• About this task: Begin at the line below that holds "Bad mit Badewanne im Keller" and end at the line that holds "Jean Léon Gérôme", transcribing each line exactly and skipping any picture.
=== Information ===
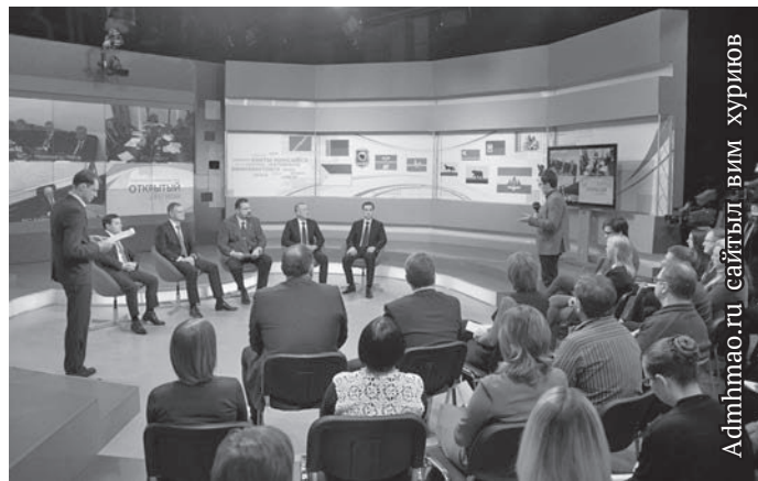
Admha0.ru сайтывл вим хуринов

Ты коныпал тāн кāсың тāl ханищтахтын нэпакыт, пормасыт ёвтнэ мāгсыл ос тāl сьс акв щёс юв ялантан мāгсыл олныл мивет. Мōлты тāлт ты нярвaмыт мāгсыл округ бюджетныл 36 млн. солкōви тāстыглавес. Ты олныл 580 нярвaм нётвёсыт.
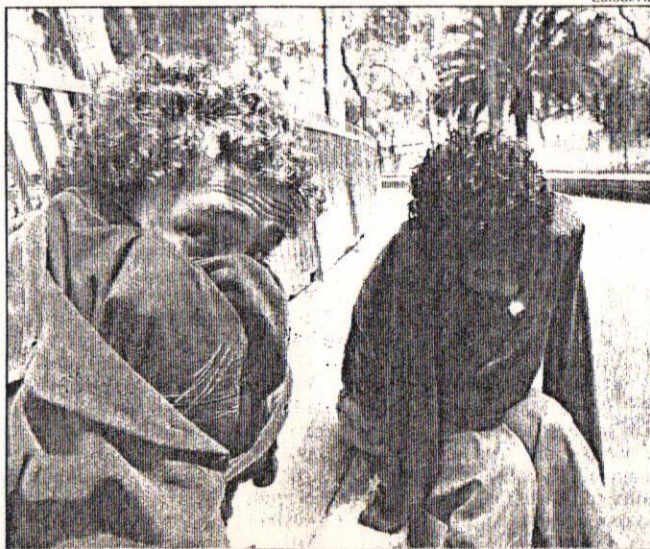
C., de 17 anos, na Praça da República: desejo de largar o crack
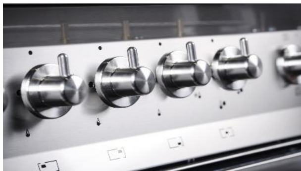
Metall - Bedienknöpfe
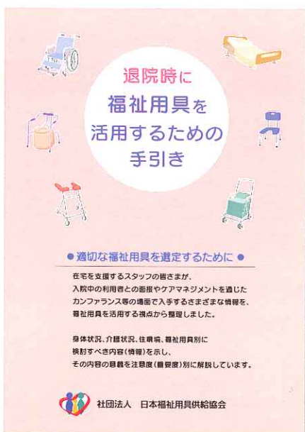
④退院時に福祉用具を活用するための手引き

利用者の状態像に応じた、移動支援用具の交換や追加のタイミングについて、わかりやすく纏めた小冊子となります。
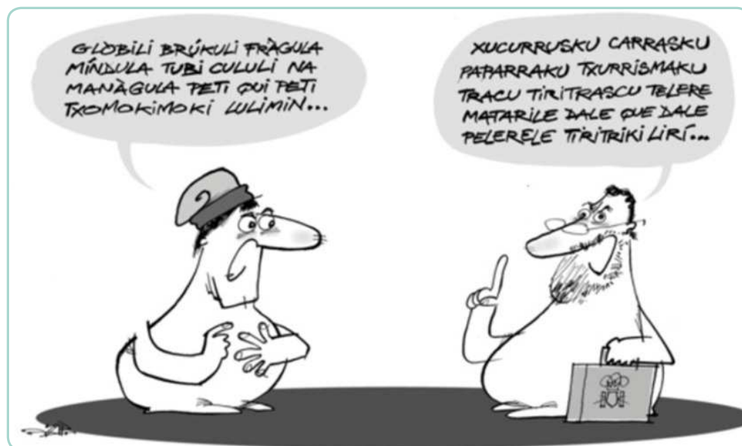
Imatge 3. La punta d’en Jap. El Punt Avui. 21 de setembre de 2012. Acudit que descriu una conversa entre Artur Mas i Mariano Rajoy, presidents de la Generalitat de Catalunya i del govern espanyol, respectivament.

Comunicar és obrir un procés de transformació de les representacions socials. En la mesura que les representacions socials s’estenen a capes socials més àmplies es barregen amb altres representacions i, en conseqüència, les seves característiques es modifiquen. Com més circulen, més es transformen en representacions de representacions.
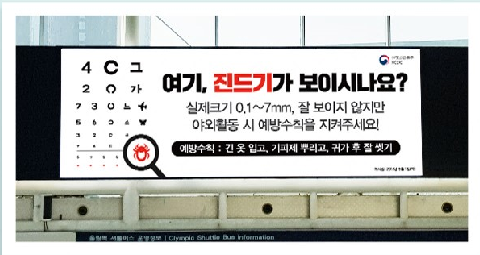
< 서울역 역사 옥외광고 . 2018년 05월 >
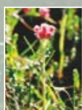
Divmāju kakpēdiņa ( Antennaria dioica )
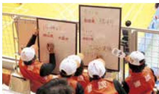
情報支援ボランティアのみなさんが、要約筆記と手話で情報伝達をサポートしました
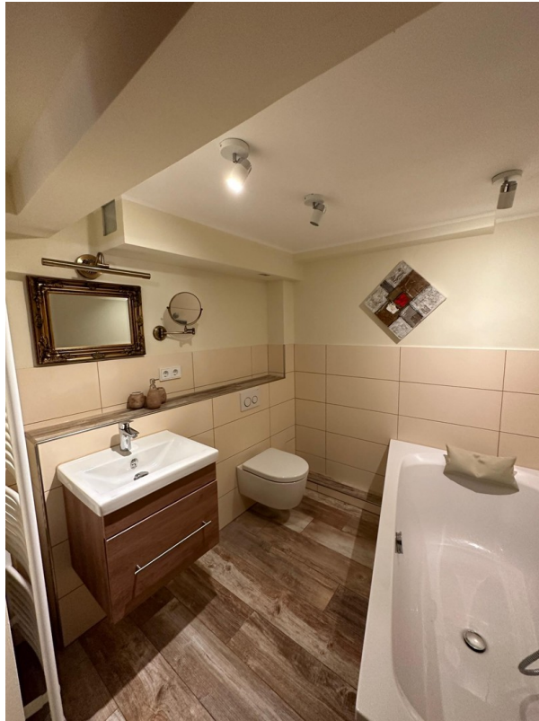
Bad mit Badewanne im Keller
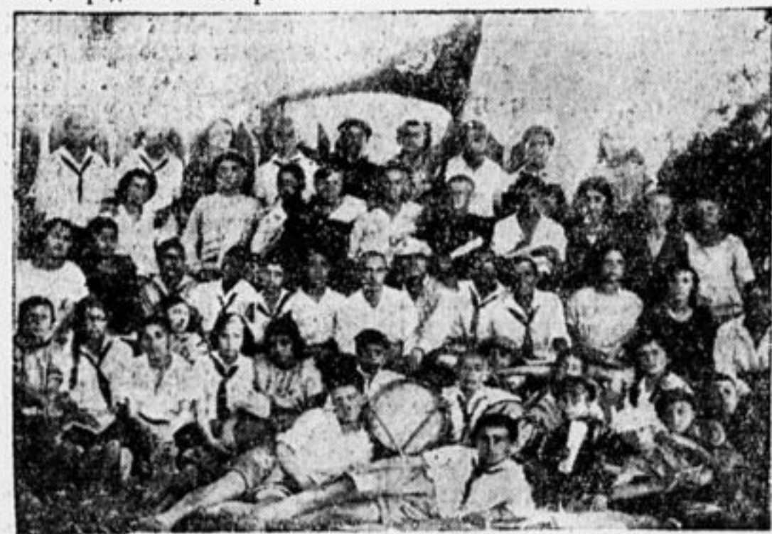
Собрание деткоров тифлисской организации.
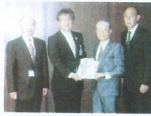
支援要請後の記念写真

八王子市の幹部に対し毎年行っている当センターへの支援要請及び事業発注のお礼を行いました。例年は8月に訪問していましたが、今回は市の組織変
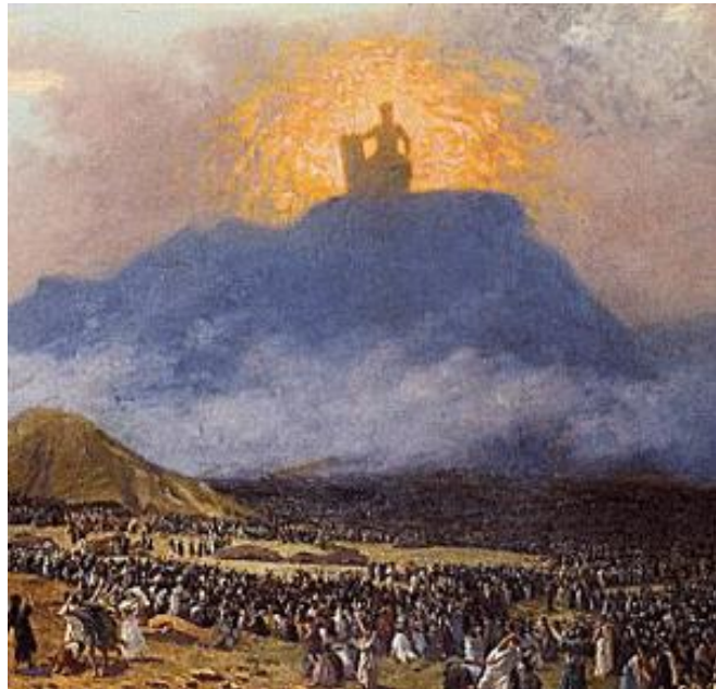
Jean Léon Gérôme (1824-1924), Mozes op de berg Sinai.

Bij de vormgeving van de veertig dagen voor Pasen speelden diverse teksten uit de Bijbel een rol waarin aan de periode van veertig dagen (of veertig jaar) een bijzondere betekenis wordt gegeven: veertig dagen en nachten duurde de zondvloed (Genesis 7:4 vv.), bleef Mozes op de berg Sinai voor hij de 'tien woorden' (tien geboden) ontving die de weg naar het leven wijzen (Exodus 24:18; 34:28) en was de profeet Elia onderweg naar de berg Horeb om daar God te ontmoeten (1 Koningen 19:18); Ezechiël moest veertig dagen op zijn rechterzijde gaan liggen om de ballingschap van Juda aan te kondigen (Ezechiël 4:6); veertig jaar zwierf het volk Israël door de woestijn (Jozua 5:6, vergelijk Handelingen 13:18; Hebreë 3:10, 17); na veertig dagen zou Ninevé ondergaan (Jona 3:4); veertig dagen en nachten verbleef Jezus in de woestijn voor hij in het openbaar begon op te treden (Marcus 1:13; Lucas 4:1-2). Het waren allemaal tijden van overgang, voorbereiding, boete, loutering.
===
• Answer to this task:
Bad mit Badewanne im Keller
Собрание деткоров тифлисской организации.
支援要請後の記念写真

八王子市の幹部に対し毎年行っている当センターへの支援要請及び事業発注のお礼を行いました。例年は8月に訪問していましたが、今回は市の組織変
Jean Léon Gérôme (1824-1924), Mozes op de berg Sinai.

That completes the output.